Write out the data word for word, taking care that no picture is carried over.
== Information provided
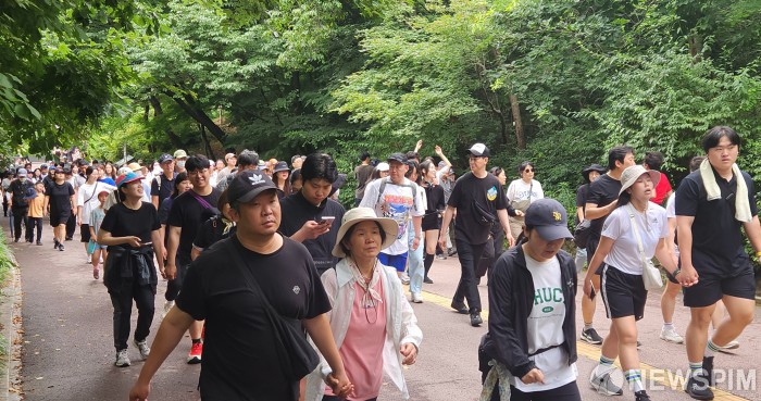 [서울=뉴스핌] 이길동 기자 = 14일 오전 서울 중구 남산국립극장 앞에서 열린 ‘손목닥터9988 200만 참여자 돌파 기념 남산 걷기&기부 챌린지’ 행사에서 참가자들이 남산 둘레길을 걷고 있다.2025.06.14 gdlee@newspim.com
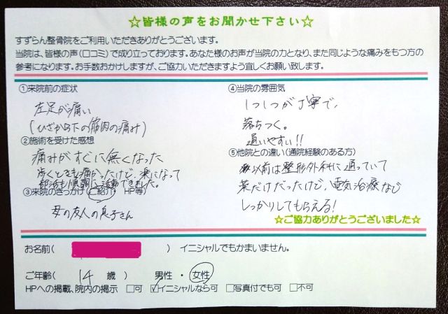 【名前】H・M【年齢】14歳 【性別】女性 【HPへの掲載】イニシャルなら可
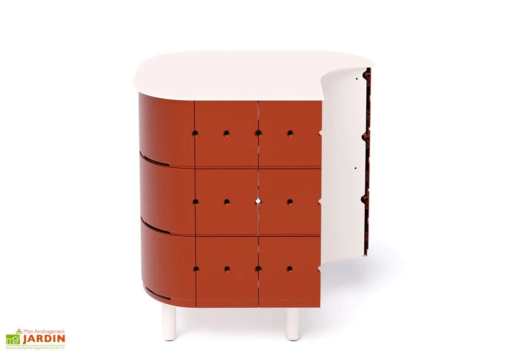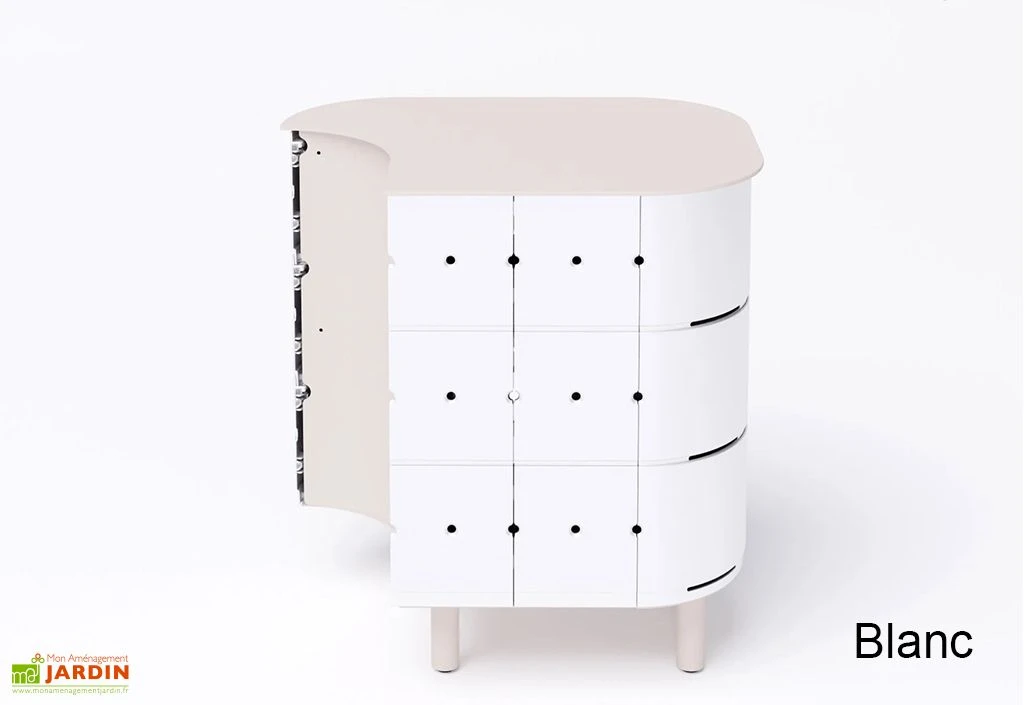 Les parois du meuble Jean sont également en aluminium, ce qui lui confère une grande robustesse et une résistance à toute épreuve. Conçu pour être utilisé en extérieur toute l’année, l’ensemble du meuble de cuisine extérieure est peint avec une peinture époxy anodisée, qui garantit une protection optimale contre les intempéries et la corrosion. La desserte pour barbecue est proposée dans différents coloris au choix.
====
Reply to the exercise:
 [서울=뉴스핌] 이길동 기자 = 14일 오전 서울 중구 남산국립극장 앞에서 열린 ‘손목닥터9988 200만 참여자 돌파 기념 남산 걷기&기부 챌린지’ 행사에서 참가자들이 남산 둘레길을 걷고 있다.2025.06.14 gdlee@newspim.com
 【名前】H・M【年齢】14歳 【性別】女性 【HPへの掲載】イニシャルなら可
 Les parois du meuble Jean sont également en aluminium, ce qui lui confère une grande robustesse et une résistance à toute épreuve. Conçu pour être utilisé en extérieur toute l’année, l’ensemble du meuble de cuisine extérieure est peint avec une peinture époxy anodisée, qui garantit une protection optimale contre les intempéries et la corrosion. La desserte pour barbecue est proposée dans différents coloris au choix.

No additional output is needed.